Now, clearly, the new microscope pics show more detail. BUT ... they are shown at 10%

Take a look at them half size (which will lead to full size)

At the full magnification of 300X, the resolution is not perfect but hey, neither am I.

Reactions: Like 4 | Great Post 1 | Way Cool 6 | Informative 2


----------



## Karl_TN (Mar 7, 2019)

Can you actually change this scopes optics between 70X to 300X, or is this just a software zoom function?


----------



## phinds (Mar 7, 2019)

Karl_TN said:


> Can you actually change this scopes optics between 40X to 200X, or is this just a software zoom function?


It has a "somewhat" continuous focus (optics) from 0X (essentially a web cam) to 300X. The lens moves in and out about 1.25 inches. You have to diddle around w/ it considerably to get various focal lengths set properly but I've got it calibrated so I can very quickly go to 35X, 70X, or 300X. You can get exact focal lengths below about 30X but its VERY tedious since you have to move the lens in and out AND move the body in and out 'til you get it right. My "calibrated" 35X is probably about plus or minus 10% and the 70X is about plus or minus 4% and the 300X is spot on.

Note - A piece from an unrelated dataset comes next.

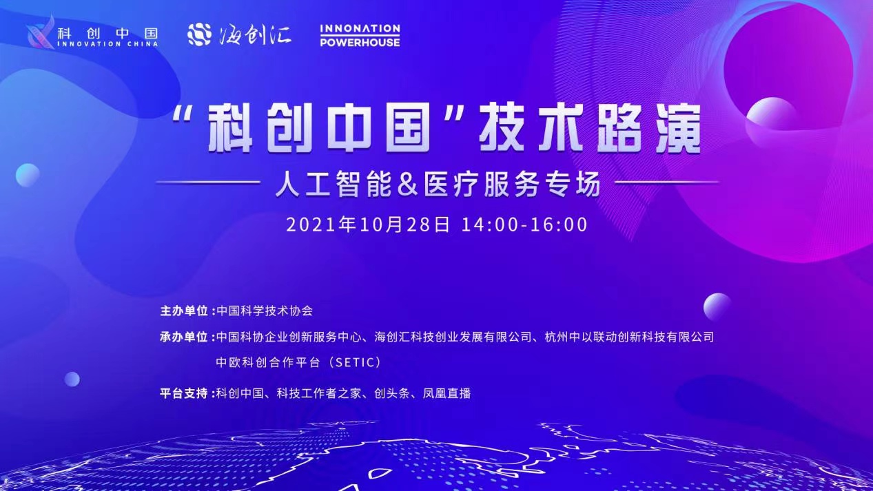 10月28日下午,由中国科学技术协会主办,中国科协企业创新服务中心、海创汇科技创业发展有限公司、杭州中以联动创新科技有限公司、中欧科创合作平台共同承办,“科创中国”技术路演——人工智能&医疗服务专场活动在杭举行,近23万人次通过“科创中国”、科技工作者之家、海创汇云、凤凰网等平台线上观看路演直播。

This is not the super cheap $20 version that was in another thread. That one got me started on this because I bought it and was pleased with the results but I was only able to get 2 focal lengths. This one is much better but is $75


----------



## DKMD (Mar 7, 2019)

That’s so cool! I’m guessing this device is gonna lead to more sanding...


----------



## ripjack13 (Mar 7, 2019)

Oh man. Paul that is so awesome. I know I use that word a lot. But really, it's awesome....


----------



## phinds (Mar 7, 2019)

Fortunately for me all of my own samples are already sanded so no further sanding needed.

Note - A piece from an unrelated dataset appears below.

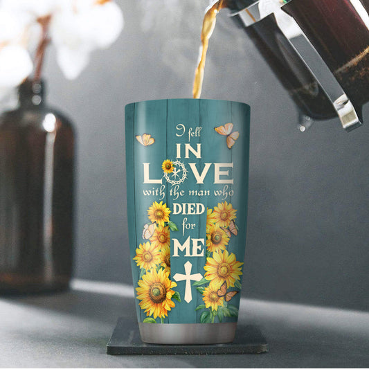 Beautiful Personalized Sunflower Stainless Steel Tumbler 20oz - I Fell In Love With The Man Who Died For Me NUA155

I won't be using this all that much (mostly just in cases where I'm having trouble with an ID) but it IS very cool.


----------



## Mike Hill (Mar 8, 2019)

Good to see what the end results were. I was browsing the big south american river store the other day waiting on a boom lift to be delivered and was scratching my cranium wondering what the resolution looked like. I think some said 0.3 mp or something like that. Had no idea what that would look like. Thanks for the pics Paul.


----------



## phinds (May 11, 2021)

NOTE: I have edited this thread as stated in the bolded red text at the top of the first post.


----------



## ripjack13 (May 11, 2021)

I still think it's awesome....

Reactions: Like 1


----------



## chatometry (Oct 7, 2021)

Did you take any face grain pictures at full magnification?


----------



## phinds (Oct 7, 2021)

chatometry said:


> Did you take any face grain pictures at full magnification?


No, I don't sand the face grain very finely and since the point of my wood-id knowledge is to help people do wood id in their shop/garage, I don't want to start trying to do things that really only make sense in a full wood lab. End grain characteristics can be brought out easily and studied fruitfully with just some sandpaper and a 10X lens. The face grain anatomical details are much more complicated and for the most part cannot be seen with a 10X lens.

Reactions: Informative 1


----------



## chatometry (Oct 7, 2021)

Got it, thank you.


----------